Do you need a PO Box or separate business phone?
You might need a Post Office box for your business needs and image. Some of your customers may be put off by a residential address and consider it unprofessional to send mail to your home.
Think about whether you will need a separate phone line or mobile phone for your business. As cute as your 4-year-old may be, you might not want her answering the phone when customers call, and your family’s voicemail greeting may make customers think they have dialled the wrong number.
Having a dedicated work mobile phone would remove this problem and enable you to be contacted when away from your office. It also means you won’t answer your personal mobile phone while at a social event, only to unexpectedly end up talking business for the next 30 minutes.
Chances are that if you are running a part-time business from home, you are working by yourself. While this gives you freedom, it can also be isolating. It can also be difficult to find the information you need when you first start your business.
There are a number of regulatory and compliance issues you need to be aware of when starting your own business, even if it is part time. This ranges from tax obligations to business licences and consents. You’ll need to find out more about what is required from Inland Revenue, ACC and other government departments. The compliance section of the Business.govt.nz website is a good place to start.
Your tax obligations
You’ll need to complete a tax return for your home business. How you go about paying your tax depends on whether you are registered as self-employed or have registered your business as a company. A company is considered an individual in its own right and has to complete its own tax return.
If you are self-employed, any income you earn is your personal income. Therefore, at the end of the tax year, you add your personal income from your day job and your personal income from your part-time business together. In your tax return, you state your total earnings, what tax you owe on those earnings, and how much of that tax you have already paid on your earnings from your day job.
You can still claim expenses like a portion of your rent or rates, mortgage interest, and telephone and power bills, and claim depreciation on any business assets that have a lifespan of more than 12 months, such as your computer, desk, and printer.
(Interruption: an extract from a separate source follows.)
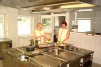 Speisesaal, Küche und Kiosk, Clubraum, Jäger-Zimmer mit Kamin, Münz- Telefon, Mehrzweckraum, Freizeiträume (mit Tischtennis, Kicker, ...). In einem Gebäude auf der anderen Seite des Hofes befindet sich die Lehrwerkstatt.Freizeit
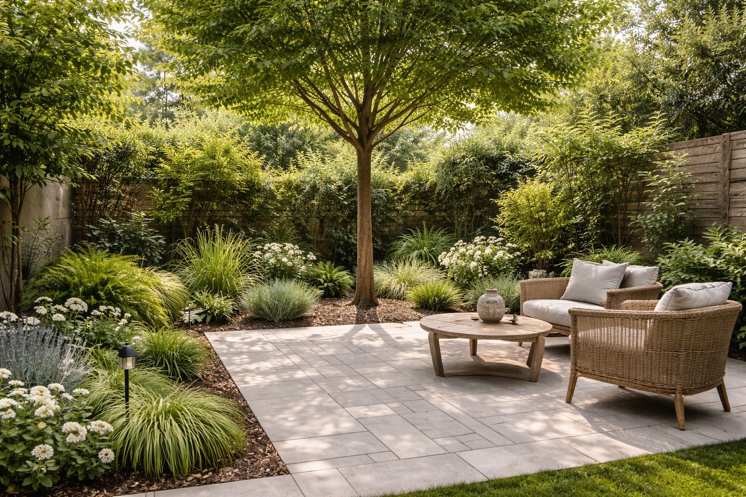Als je het ontwerp rustig houdt, voelt een kleine tuin met groenblijvende bomen voor kleine tuin juist groter: je hebt een stabiele achtergrond die de ruimte optisch ordent.

You can also claim for business travel expenses and expenses related to using a vehicle for work. Visit the IR website for more information on claiming business expenses.
Where to get advice
While you can bounce business ideas off family and friends, you’ll also need to cultivate a network of business people and professionals to assist you. Get in contact with your local industry association or Chamber of Commerce and ask for advice, or simply attend their regular meetings to widen your circle of business contacts.
For ongoing support, consider contracting an accountant to go through your books or a lawyer to assist with any legal issues. If you have been in business for more than 12 months and have fewer than 25 employees, you can access the New Zealand Business Mentor Programme.
- Complete this checklist to see if you’re ready to start your business.
- Set up your work space and either arrange a separate phone line or purchase a work mobile phone.
- Find out about the different cost options for PO boxes.
- Create a website, brochures and business cards for your new business.
- Contact the IRD to register your business as a company or register as self-employed, and to request an information pack.
- Join your local Chamber of Commerce to access ongoing business support and advice and network with other business owners so that you don’t feel so isolated.